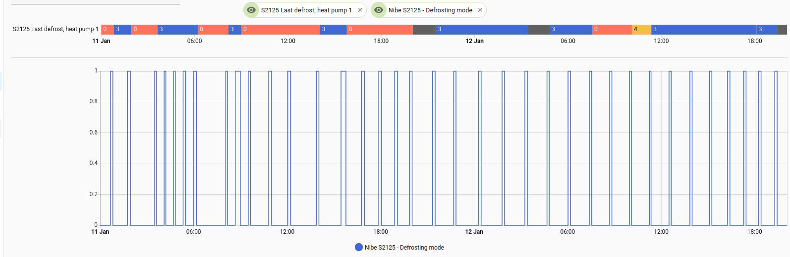 Another observation, I have made the past couple of days, is that the defrosting fails around 50 % of the time. This is illustrated below where the ‘last defrost’ indicates whether a defrost was successfully completed (value of 0) or failed (value greater than 0). 3 means that a defrost failed due to low flow while 4 means that a defrost was ‘aborted due to low LP’ (not sure what LP refers to). Black is unavailable. The defrosting mode (blue curve) indicates the defrost cycles. Despite this high failure rate, I do not observe any ice build up on the outdoor unit.
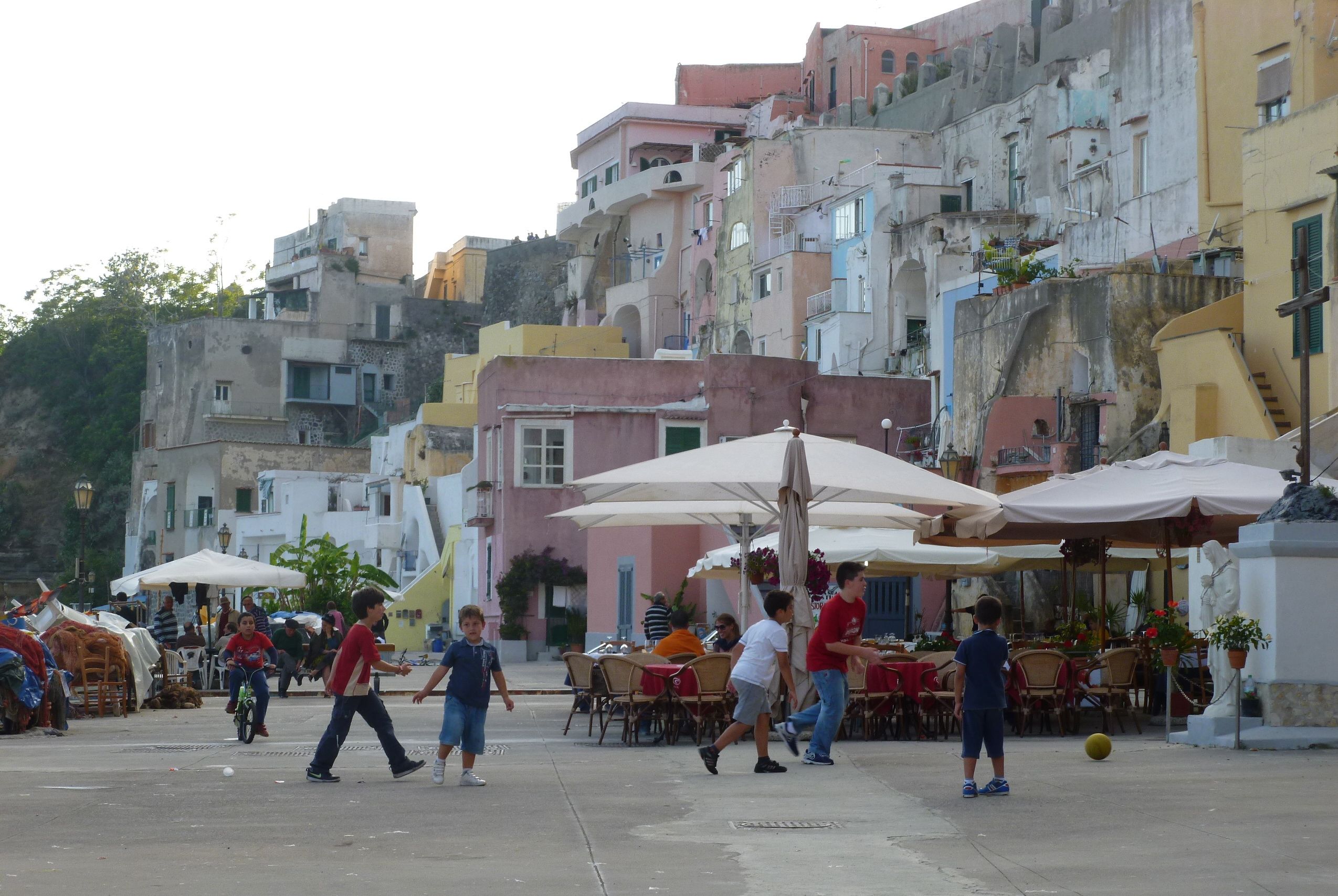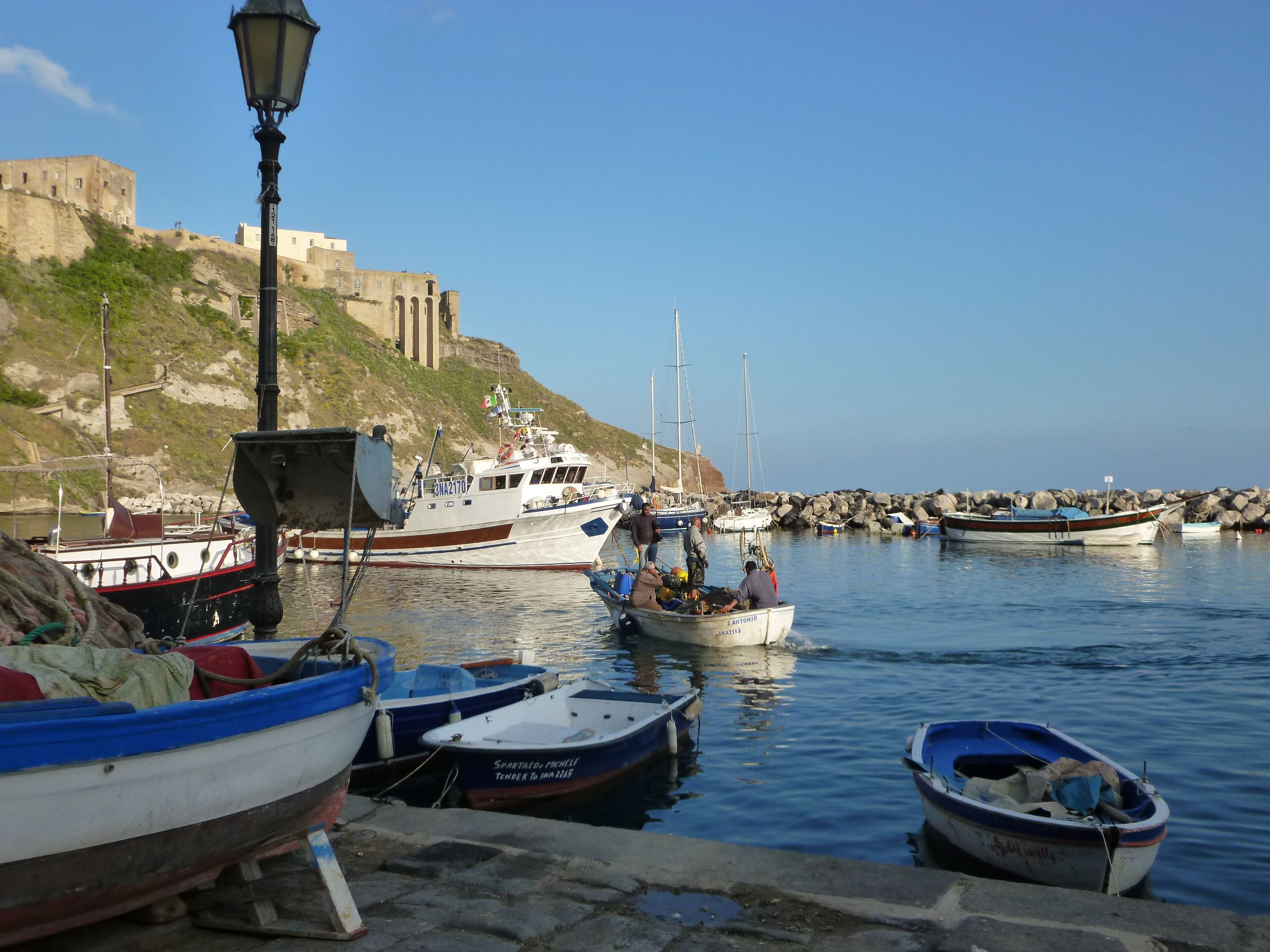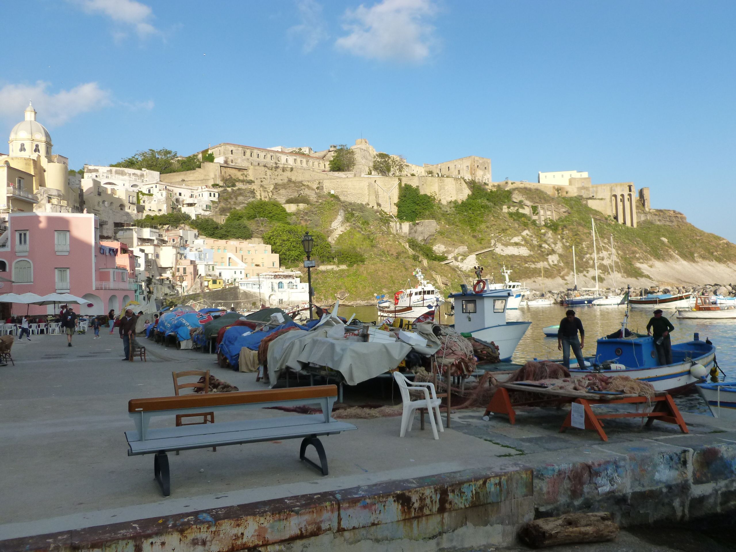 Efter Gaeta blev det dags för strandhugg på Isola di Procida – en mindre ö strax öster om den större ön Ischia på tröskeln till Neapelbukten. Vi fick en fantastisk kväll i Procida med vandring i den högt belägna gamla staden och nyfångad stekt fisk i fiskehamnen på andra sidan höjden, där även den lokala befolkningen tillbringade sin kväll.
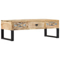 Featuring a rustic charm, this stunning wooden coffee table will make a timeless addition to your decor. Its solid table top provides a stable and secure surface, on which you can place drinks, vases, fruit bowls and other ornaments. This practical coffee table will be perfect for placing multimedia appliances, books, magazines, or small items you'd like to keep within reach. Thanks to the sturdy galvanised steel legs and mango wood material, the table is exceedingly durable. Mango wood is a dense and robust hardwood which has beautiful brown or golden streaks and contours on its surface. Every step of the process is carried out with the greatest care, be it polishing, painting or lacquering. Relax and enjoy a great time with your family and friends around this unique coffee table! Important note: Colours vary from piece to piece, making each piece unique. The delivery is random, ensuring the exclusivity and individuality of your product.
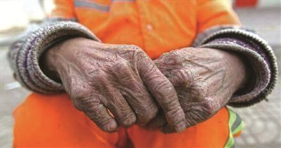 看看图片中这双手,这双被媒体称为城市美容师的环卫工人的手,再想想美容院里为美个指甲都能扔下几百元钱的手,这就是距离。一个可以说是职业,也可以说是贫富,更可以说是生存状态的距离。
- - - -
■ Exercise prompt
For each line above, output its wording exactly and leave out any picture.

■ Exercise answer
 Another observation, I have made the past couple of days, is that the defrosting fails around 50 % of the time. This is illustrated below where the ‘last defrost’ indicates whether a defrost was successfully completed (value of 0) or failed (value greater than 0). 3 means that a defrost failed due to low flow while 4 means that a defrost was ‘aborted due to low LP’ (not sure what LP refers to). Black is unavailable. The defrosting mode (blue curve) indicates the defrost cycles. Despite this high failure rate, I do not observe any ice build up on the outdoor unit.
 Efter Gaeta blev det dags för strandhugg på Isola di Procida – en mindre ö strax öster om den större ön Ischia på tröskeln till Neapelbukten. Vi fick en fantastisk kväll i Procida med vandring i den högt belägna gamla staden och nyfångad stekt fisk i fiskehamnen på andra sidan höjden, där även den lokala befolkningen tillbringade sin kväll.
 Featuring a rustic charm, this stunning wooden coffee table will make a timeless addition to your decor. Its solid table top provides a stable and secure surface, on which you can place drinks, vases, fruit bowls and other ornaments. This practical coffee table will be perfect for placing multimedia appliances, books, magazines, or small items you'd like to keep within reach. Thanks to the sturdy galvanised steel legs and mango wood material, the table is exceedingly durable. Mango wood is a dense and robust hardwood which has beautiful brown or golden streaks and contours on its surface. Every step of the process is carried out with the greatest care, be it polishing, painting or lacquering. Relax and enjoy a great time with your family and friends around this unique coffee table! Important note: Colours vary from piece to piece, making each piece unique. The delivery is random, ensuring the exclusivity and individuality of your product.
 看看图片中这双手,这双被媒体称为城市美容师的环卫工人的手,再想想美容院里为美个指甲都能扔下几百元钱的手,这就是距离。一个可以说是职业,也可以说是贫富,更可以说是生存状态的距离。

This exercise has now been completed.